[Task statement]
Each line from the top of the listing through the one holding "UNDANGAN SEMINAR PROPOSAL" should be restated word for word, with nothing added and no pictures.

⁂

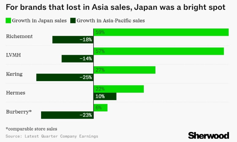 아시아 매출이 전반적으로 감소했다고 보고한 많은 럭셔리 브랜드 중 일본만이 유일하게 선방한 것으로 나타났다. 하지만 그 안에서도 패션 업계 임원들이 반복적으로 언급하는 한 가지 유행어가 있었다: 바로 중국이다.
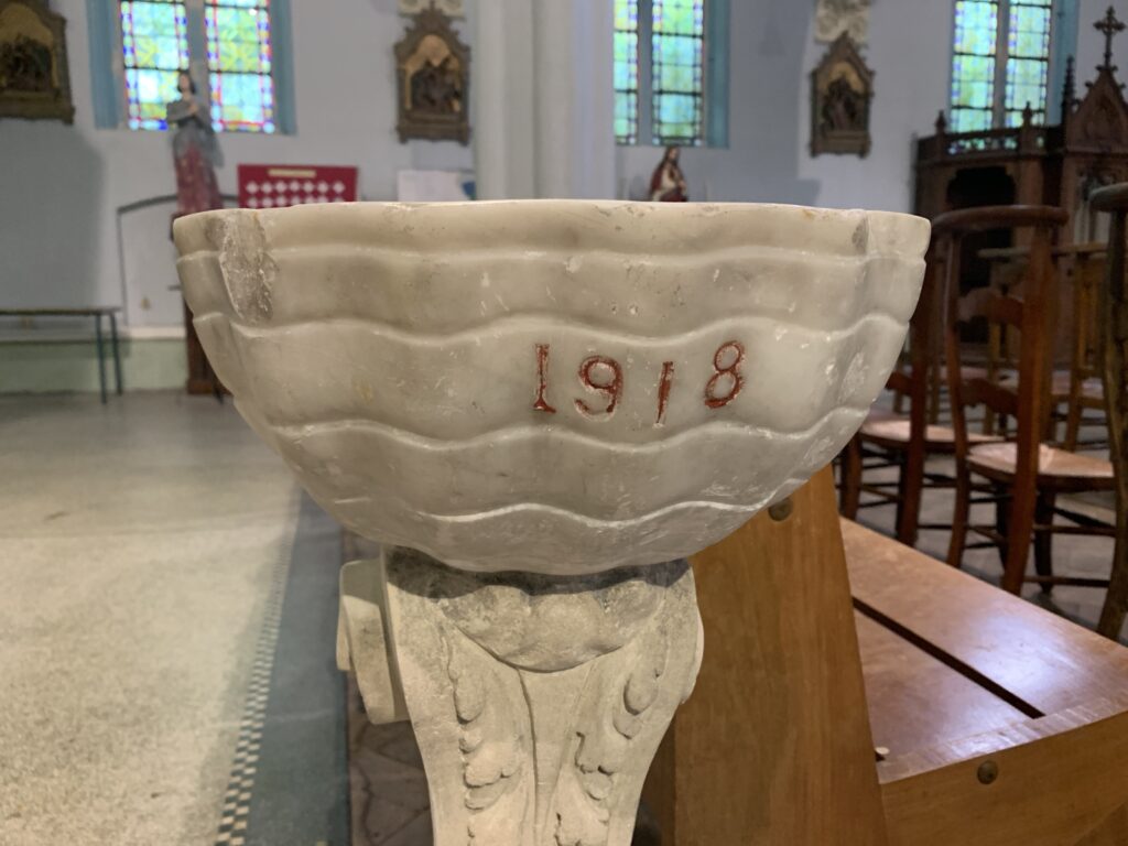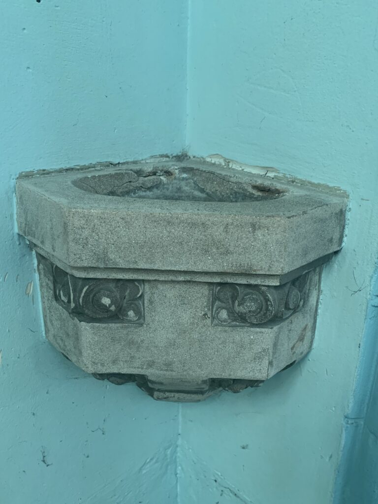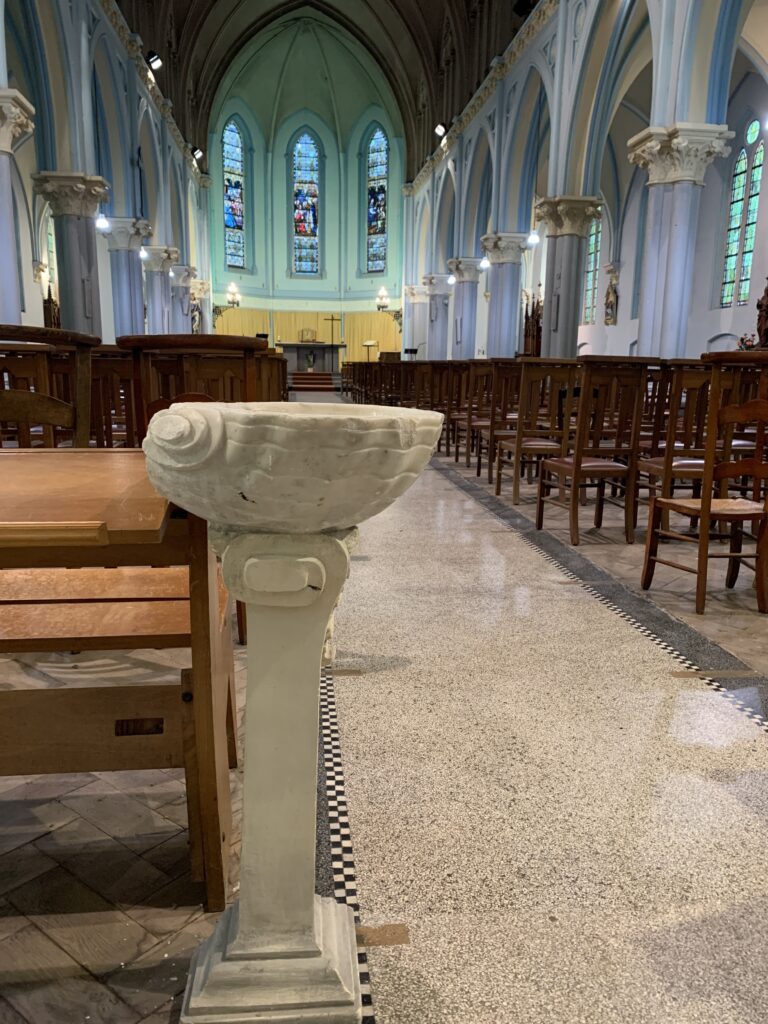 L’eau y rappelle celle de notre baptême, celle dans laquelle nous avons été plongés pour passer avec le Christ de la mort à la vie. Nous pouvons mettre notre main dans le bénitier et faire un beau signe de croix en rappel du jour de notre baptême.
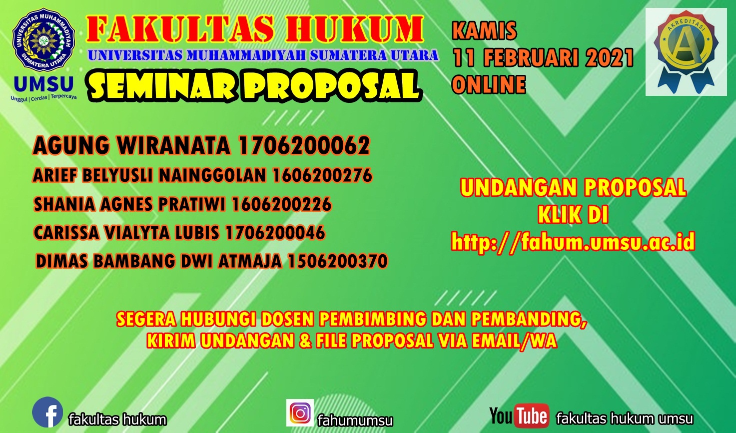 UNDANGAN SEMINAR PROPOSAL KAMIS, 11 FEBRUARI 2021 ONLINE
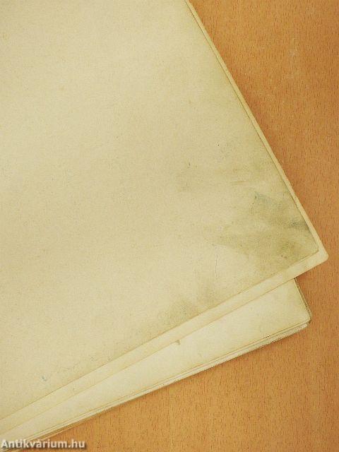 A borító foltos, kopott, a gerinc sérült. Több lap kijár, foltos. Az első előzéklap hiányzik. A címlap javított.
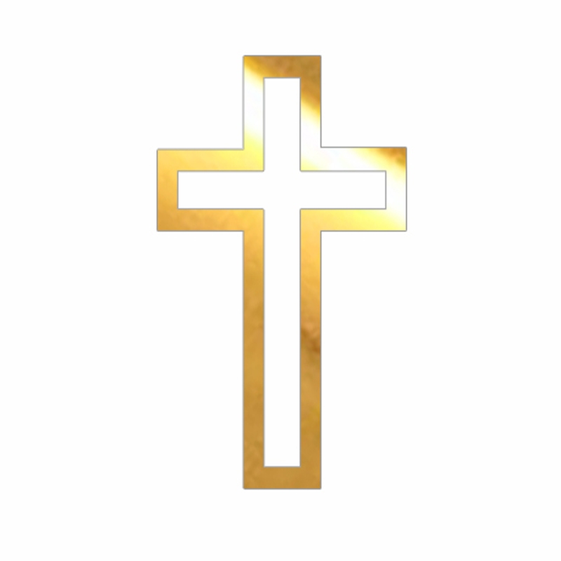 Dekor na tort w kształcie małego obrysu krzyżyka, wykonany z lustra złotego idealnie nada się do udekorowania wyjątkowych komunijnych wypieków dla chłopców jak i dziewczynek. nie tylko tortów i ciast ale również mniejszych takich jak babeczki, muffiny czy małe ciastka okzajonalne.

⁂

[Problem solution]
 아시아 매출이 전반적으로 감소했다고 보고한 많은 럭셔리 브랜드 중 일본만이 유일하게 선방한 것으로 나타났다. 하지만 그 안에서도 패션 업계 임원들이 반복적으로 언급하는 한 가지 유행어가 있었다: 바로 중국이다.
 L’eau y rappelle celle de notre baptême, celle dans laquelle nous avons été plongés pour passer avec le Christ de la mort à la vie. Nous pouvons mettre notre main dans le bénitier et faire un beau signe de croix en rappel du jour de notre baptême.
 UNDANGAN SEMINAR PROPOSAL KAMIS, 11 FEBRUARI 2021 ONLINE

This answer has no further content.